Im Projekt-Modul „In Touch Career Digital“ werde die Digitalisierung selbst als Werkzeug genutzt, um Lehre, Studienorganisation, Beratungs- und Betreuungsangebote an die, durch die Corona-Pandemie beförderten, neuen Herausforderungen anzupassen und bislang nur schwer erreichbare Ziele, wie Flexibilisierung, Individualisierung, studienbegleitendes Monitoring sowie Inklusion, zu realisieren. Es existiere an der Universität insofern eine breite Palette erprobter Formate zur Integration von Geflüchteten, die für die spezifischen Bedarfe aus der Ukraine Geflüchteter punktuell erweitert und durch Initiativen und Angebote der Fakultäten ergänzt würden.

Weitere Hilfsangebote

In der Unterstützung arbeitet die Bergische Universität eng mit dem Deutschen Akademischen Austauschdienst (DAAD) zusammen. „Der DAAD realisiert seit Jahren gemeinsam mit Hochschulen und Partnerorganisationen verschiedene Programme und Maßnahmen, um die Integration von Flüchtlingen an den deutschen Hochschulen zu unterstützen“, sagt Bieck. „Dafür hat das Bundesministeriums für Bildung und Forschung (BMBF) bis 2022 jährlich Mittel in Höhe von rund 27 Millionen Euro bereitgestellt. Das Land Nordrhein-Westfalen unterstützt zudem in Kooperation mit dem DAAD mit ,NRWege ins Studium‘ 30 Hochschulen beim Aufbau von studienvorbereitenden und -begleitenden Angeboten, dem Ausbau von Beratungsstrukturen und der Vergabe von Stipendien an besonders leistungsstarke Geflüchtete.“

Besonders innovative Formate der Internationalisierung würden im Rahmen der „NRWege Leuchtturm“` erprobt, mit digitalen Elementen flankiert und für andere Hochschulen nutzbar gemacht. „Die Bergische Universität war und ist in allen Förderprogrammen mit ,In Touch Wuppertal‘ erfolgreich vertreten und konnte bislang nahezu zwei Millionen Euro an Fördermitteln für die Integration Geflüchteter einwerben.“

Mit seinen Mitgliedshochschulen sowie den fördernden Ministerien sei der DAAD in engem Austausch zu den aktuell notwendigen Schritten und informiere regelmäßig über die verfügbaren Unterstützungs- und Hilfsangebote für ukrainische Studierende, Wissenschaftlerinnen und Wissenschaftler. Informationen dazu werden regelmäßig über die Seite www.daad.de veröffentlicht.

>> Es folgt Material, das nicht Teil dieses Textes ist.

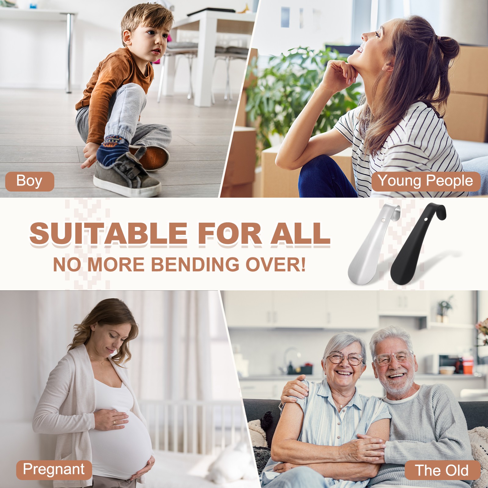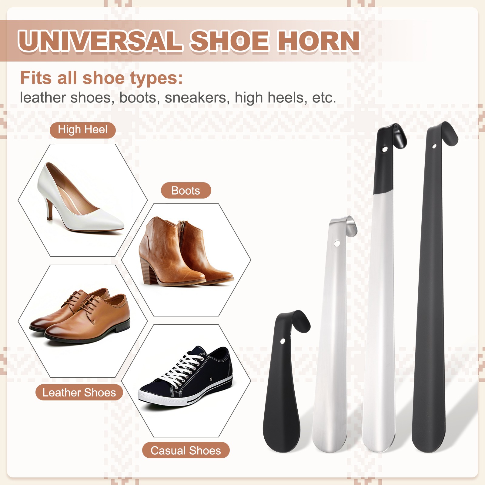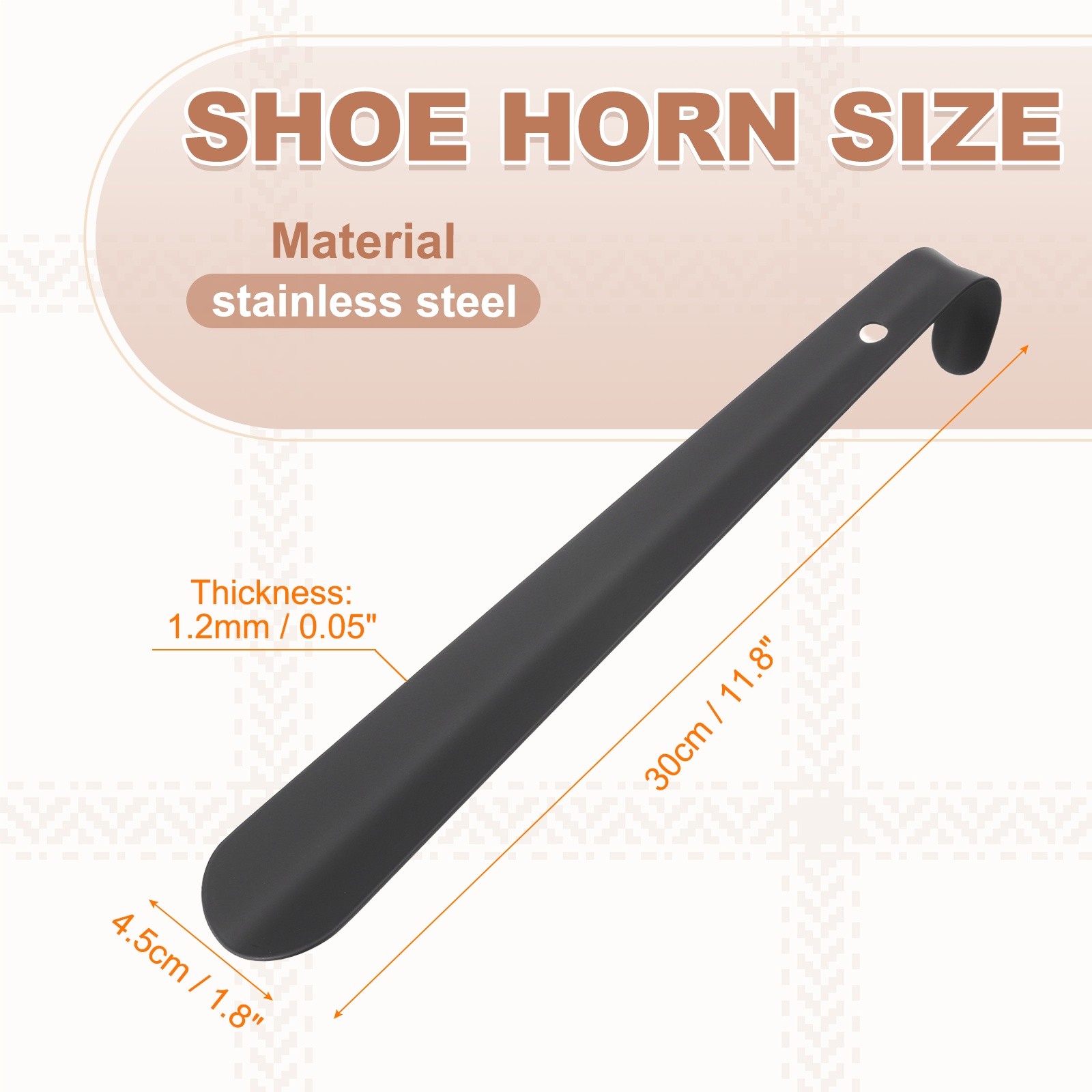 Shoe Horn 11.8 Metal Straight Handle Shoe Helper Shoehorns, Black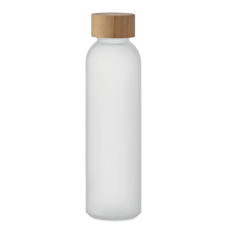 Szklana butelka z matowym wykończeniem i bambusową zakrętką. Szczelna. Pojemność: 500 ml. Bambus jest produktem naturalnym, dlatego mogą występować niewielkie różnice w kolorze i rozmiarze poszczególnych elementów, co może mieć wpływ na ostateczny efekt zdobienia.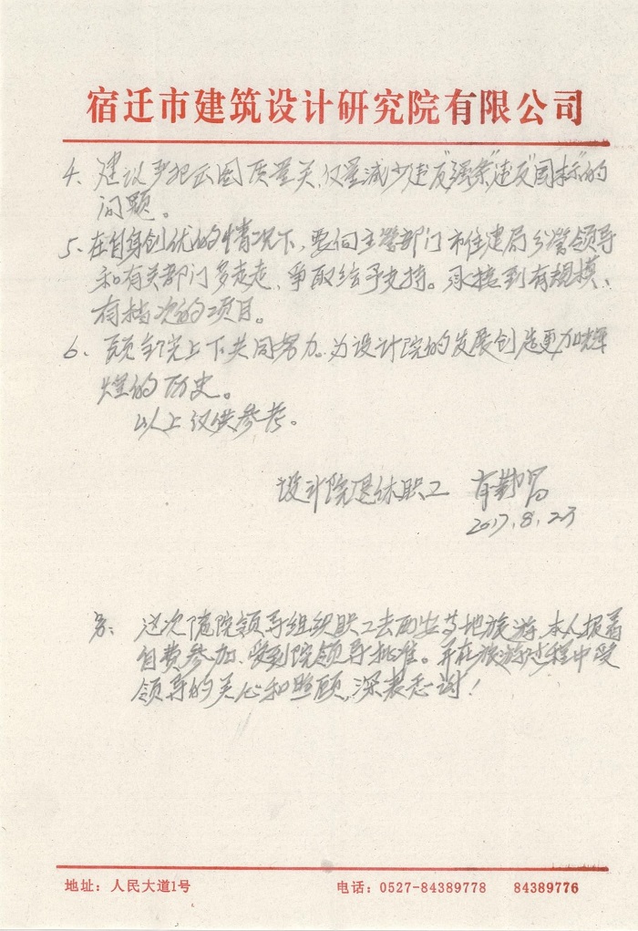 6、愿全院上下共同努力,為設(shè)計(jì)院的發(fā)展創(chuàng)造更加輝煌的歷史。

Sprache bleibt das A und O

Eine der größten Herausforderungen ist die Sprache. „Studierende, die Deutsch nicht als Muttersprache oder im frühen Zweitsprachenerwerb erworben haben sind an der Universität, d.h. im Bereich der Wissenschaftssprache, mit großen sprachliche Herausforderungen konfrontiert, deren Bewältigung essenziell für den erfolgreichen Studienabschluss und möglichen Berufseinstieg in Deutschland sind“, weiß Bieck aus Erfahrung.

Viele der Geflüchteten hätten nach ihrer Ankunft in Deutschland bereits mit einem ungesteuerten Spracherwerb begonnen und kämen häufig mit mangel- und fehlerhaften Deutschkenntnissen an die Universität. Diese fehlerhafte Sprache führe in kommunikativen Situationen im Alltag zwar eher selten zu Problemen, umso stärker offenbarten sie sich im universitären Kontext/Studium.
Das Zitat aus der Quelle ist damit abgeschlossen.